Let’s talk about… pensions!

The world of pensions has seen a radical overhaul over the last decade and consequently, has never been far from the headlines. Some of the several measures which have been introduced over the last decade include auto-enrolment, pension freedoms and changes to the state pension age. Although some of these changes have so far been for the better, others have been extremely controversial – especially as far as women are concerned.

Despite all of this focus, pensions often fail to ignite a great deal of excitement. The world of pensions is littered with terminology, often making it difficult to understand. Furthermore, due to the fact they’re only accessible from a minimum of age 55, pensions are often overlooked by younger generations, who will most likely be more focused on more ‘immediate’ goals, such as getting on the housing ladder.

Unfortunately, the facts around women and pensions demonstrate a clear problem. A report released in July 2019 based on research by the Pensions Policy Institute claims that women will be an average of £106,000 worse off than men at retirement. Another report (published in October 2018 by the CII) found that at age 65, women have average pension savings of £35,800, some 20 per cent the size of £179,000 pots held by men.

Saving for retirement has never been a more important issue for women. So it’s vital to gain a good understanding of the different types of pensions available and how to start saving.

Let’s start with the obvious question – what is a pension scheme?

In simple terms, a pension scheme is a type of savings plan to help you save money for later life. The first thing to point out is that being in a pension scheme is different to being eligible for the State pension. Many people wrongly assume that they’ll automatically be eligible to receive the state pension and that they therefore don’t need to consider setting any other money aside.
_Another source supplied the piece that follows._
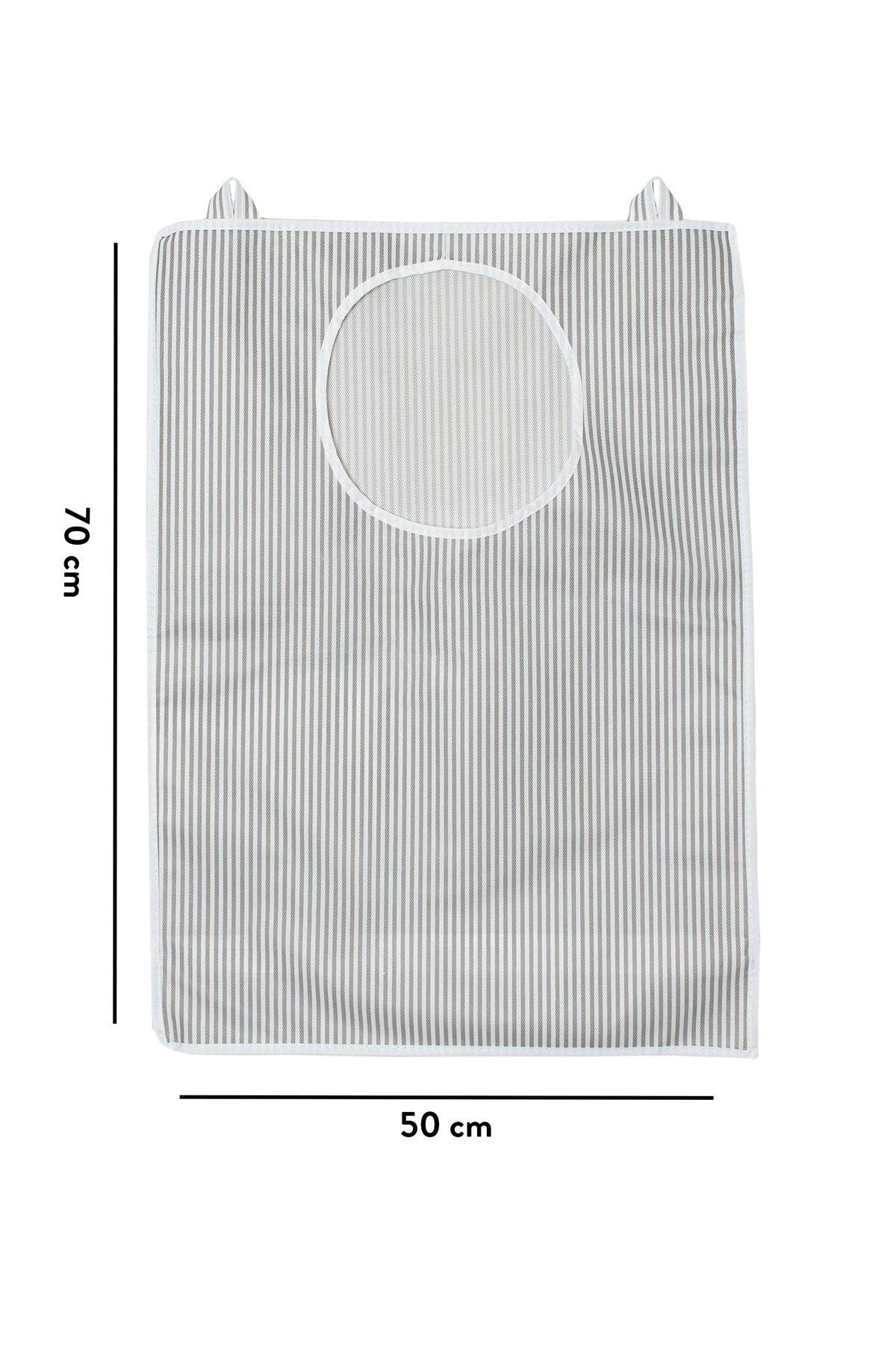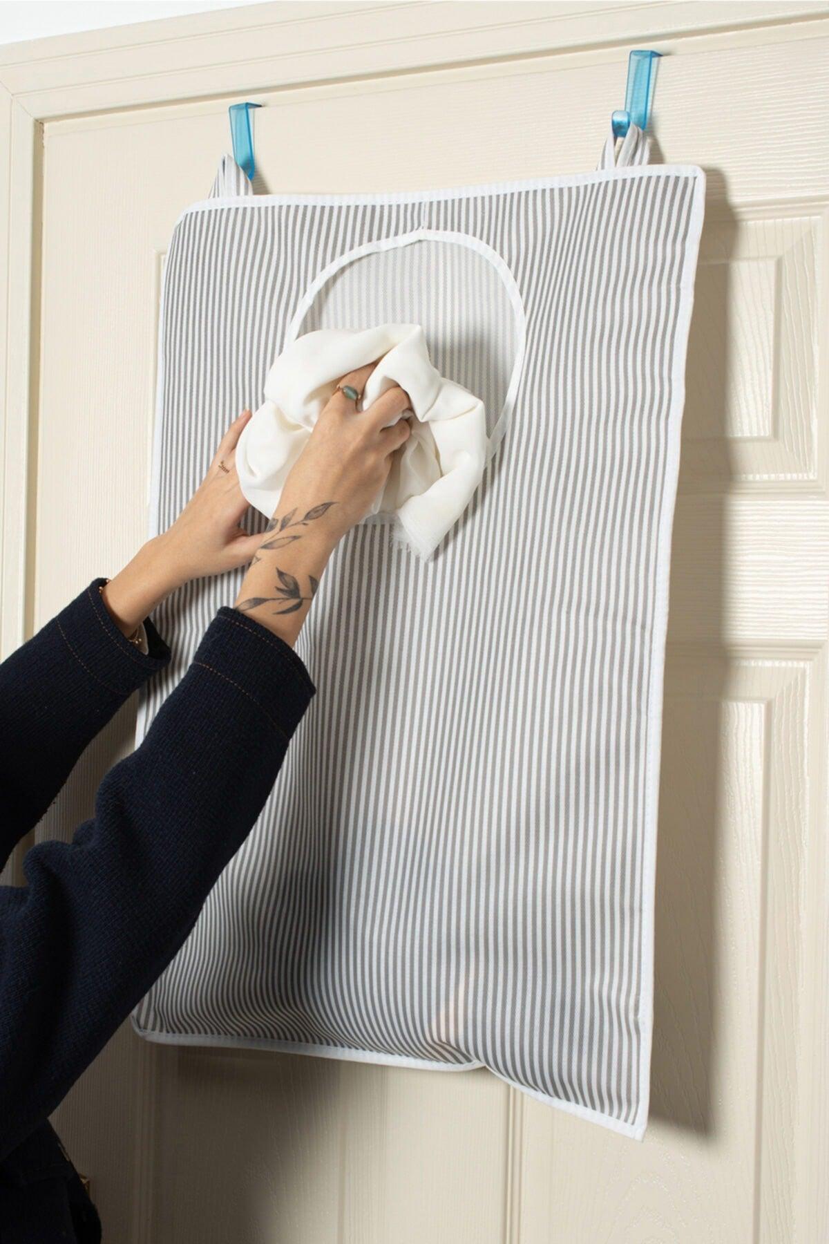 Hinter der Tür schmutziger Wäschekorb grau gestreift

If you’ve worked and paid national insurance for at least 10 qualifying years during your lifetime you will likely qualify for the state pension. However, the single tier State Pension currently provides a maximum of £168.60 a week – with this amount only being accessible to those with 35 qualifying years of National Insurance contributions. The age at which the State Pension can be accessed has recently increased and by October 2020, the State Pension age will be 66 for both men and women.  The Government is planning further increases, which will see the State Pension age rise to 67 between 2026 and 2028.

Against this backdrop, saving into a pension scheme is a vital way for most women to support their income in retirement. There are two main ways to save into a pension scheme, as outlined below.

Employer pension scheme

So long as you are aged between 22 and State Pension age and earn at least £10,000 per year, you will be automatically enrolled for a pension with your employer.  One of the main benefits of being enrolled in a company pension is that in addition to contributing yourself, your employer must also make payments into the scheme. As of April 2019, the minimum level of contribution is 8% qualifying earnings, of which at least 3% must be paid by the employer.

Personal pension

A personal pension is a way of saving for retirement independently of an employer. Often the ‘go-to’ for self-employed individuals and company directors, personal pensions can be set up by anybody who wishes to take a proactive approach to pension savings.
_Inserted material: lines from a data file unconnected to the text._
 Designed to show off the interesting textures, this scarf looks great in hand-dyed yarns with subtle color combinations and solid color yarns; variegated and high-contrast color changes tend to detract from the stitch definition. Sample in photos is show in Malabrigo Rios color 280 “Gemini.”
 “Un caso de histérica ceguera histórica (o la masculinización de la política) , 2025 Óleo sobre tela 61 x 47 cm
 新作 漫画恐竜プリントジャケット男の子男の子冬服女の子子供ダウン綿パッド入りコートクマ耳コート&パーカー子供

Within the bracket of personal pensions there are a number of different types – you can take out an ordinary personal pension, but some company owners choose to invest in a SIPP (self invested personal pension) or SSAS (small self administered scheme) instead. The main difference between these different types of scheme is what you can invest in and the best option will depend on your circumstances.

Encouraging individuals to save for their retirement is of benefit to the government and as such, there are several tax breaks available when contributing to a personal pension. Where money that is paid into a scheme from earnings, tax can be reclaimed at the individual’s marginal rate when making an end of year tax return. Directors can make employer payments into a personal pension scheme, with such payments being exempt from corporation tax.

Both employer pensions and personal pensions can be divided into two types – defined benefit and defined contribution. The main difference between a defined benefit scheme and a defined contribution scheme is that the former promises a specific income and the latter depends on factors such as the amount you pay into the pension and the fund’s investment performance.

With both employer pension schemes and personal pensions, the minimum age that funds can be accessed is currently age 55 – although this is expected to rise to 57 in 2028.

The good news is that once you have decided how to save for retirement and have a pension in place, the rest is relatively straightforward during the time you are working and contributing to your pension pot. The golden rule is start today rather than wait until tomorrow – the younger you start saving for a pension the more chance your funds will have to grow the more options you will have by the time you reach retirement age.

The idea behind this series of blogs is to break down the barriers to some of the things we, as women, fail to discuss openly. We want to keep things simple, but in doing so, understand that some questions may be raised. This is the point – we need to get talking about financial matters – so let’s start the conversation!